L’ambassadrice des Etats-Unis d’Amérique en Algérie, Elizabeth Moore Aubin : les relations algéro-américaines sont «fortes, croissantes et fondées sur le respect et l’amitié»
L’ambassadrice des Etats-Unis d’Amérique en Algérie, Mme Elizabeth Moore Aubin, a salué, mardi, les relations unissant les deux pays, affirmant qu’«elles sont fortes, croissantes et fondées sur le respect et l’amitié».

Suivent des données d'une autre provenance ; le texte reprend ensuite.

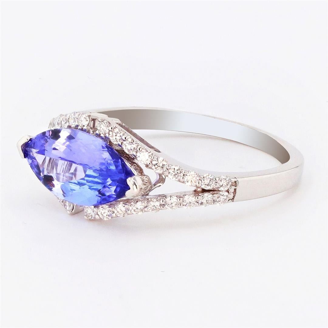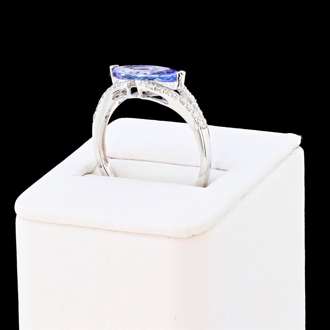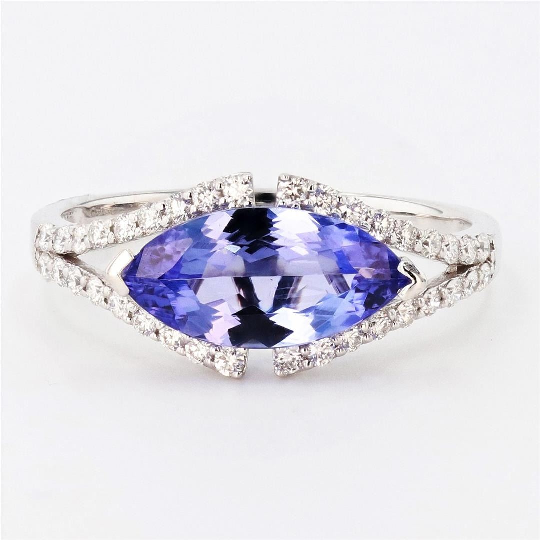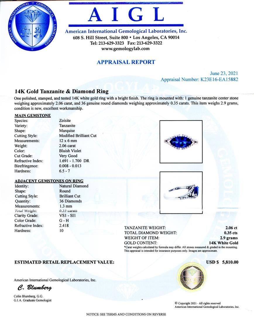 2.06ct Tanzanite and 0.35ctw Diamond 14K White Gold Ring. One polished, stamped, and tested 14K white gold ring with a bright finish. The ring is mounted with: 1 genuine tanzanite center stone weighing approximately 2.06 carat, and 36 genuine round diamonds weighing approximately 0.35 carats. This item weighs 2.9 grams, condition is new, excellent workmanship. MAIN GEMSTONE Species: Zoisite Variety: Tanzanite Shape: Marquise Cutting Style: Modified Brilliant Cut Measurements: 12 x 6mm Weight: 2.06 carat Color: Bluish Violet Cut Grade: Very Good Refractive Index: 1.691 - 1.700 DR Birefringence: 0.008 - 0.013 Hardness: 6.5 - 7 ADJACENT GEMSTONES ON RING Identity: Natural Diamond Shape: Round Cutting Style: Brilliant Cut Quantity: 36 Diamonds Measurements: 1.3mm Total Weight: 0.35 carats Clarity Grade: VS1 to SI1 Color Grade: G - H Refractive Index: 2.418 Hardness: 10 TANZANITE WEIGHT: 2.06ct TOTAL DIAMOND WEIGHT: 0.35ctw WEIGHT OF ITEM: 2.9 grams GOLD CONTENT: 14K White Gold

Dans une déclaration à la presse à l’issue de l’audience que lui a accordée le président de la République, M. Abdelmadjid Tebboune, à qui elle a rendu une visite d’adieu au terme de sa mission en Algérie, Mme Moore Aubin a souligné la profondeur des relations «fortes, croissantes et fondées sur des valeurs et des objectifs communs, ainsi que sur le respect et l’amitié» entre les deux pays.
Se disant convaincue que les Etats-Unis d’Amérique et l’Algérie sont capables de «réaliser beaucoup ensemble», la diplomate a assuré que «le grand travail accompli dans le cadre des relations solides bâties entre les deux pays se poursuivra».
Après avoir rappelé que ces relations bilatérales couvrent les domaines économiques et sécuritaires, l’ambassadrice a déclaré à ce propos: «nous œuvrons au développement de nos capacités en matière de coopération sécuritaire afin de renforcer la stabilité régionale et de lutter contre le terrorisme».
Elle a également évoqué les autres domaines de coopération bilatérale entre les deux parties, à l’instar des échanges culturels, éducatifs et agricoles, ainsi que le secteur de l’énergie.
A cette occasion, Mme Moore Aubin a dit avoir exprimé au président de la République sa gratitude pour le grand honneur qui lui a été fait en tant que représentante de son pays et pour le travail accompli avec lui et avec le Gouvernement algérien, une expérience qu’elle a qualifiée d’»édifiante et de fructueuse».
Elle est revenue aussi sur la période durant laquelle elle avait exercé en Algérie en tant que vice-cheffe de la mission américaine, affirmant que «c’est véritablement un pays exceptionnel par la richesse de sa culture et la générosité de son peuple».
La diplomate a, par ailleurs, évoqué l’histoire commune entre les Etats-Unis et l’Algérie, soulignant qu’il s’agit d’«une histoire ancienne et riche, constituant un stimulant et une base solide pour nos relations», s’arrêtant particulièrement sur l’année 1795, date de la signature par les deux pays du Traité de paix et d’amitié, aux termes duquel ils sont convenus de se traiter mutuellement «avec respect et considération».
Dans ce sillage, elle a rappelé la célébration organisée il y a quelques mois à l’occasion du 230e anniversaire de la signature de ce document, avant d’évoquer la date du 5 juillet 1962, lorsque les Etats-Unis d’Amérique figuraient parmi les premiers pays à avoir reconnu l’indépendance de l’Algérie.
L’ambassadrice est revenue également sur l’année 1981, lorsque l’Algérie a joué, a-t-elle dit, «un rôle de médiation efficace et déterminant», contribuant de façon substantielle à la libération de 52 diplomates américains pris en otage à Téhéran.
«Ce sont là quelques exemples de l’histoire commune riche et ancienne qui nous unit, et nous continuerons d’œuvrer de concert pour rendre nos deux pays plus sûrs, plus forts et plus prospères», a-t-elle conclu.
L’audience s’est déroulée en présence du directeur de Cabinet à la Présidence de la République, M. Boualem Boualem, et du conseiller auprès du président de la République, chargé des affaires diplomatiques, M. Amar Abba.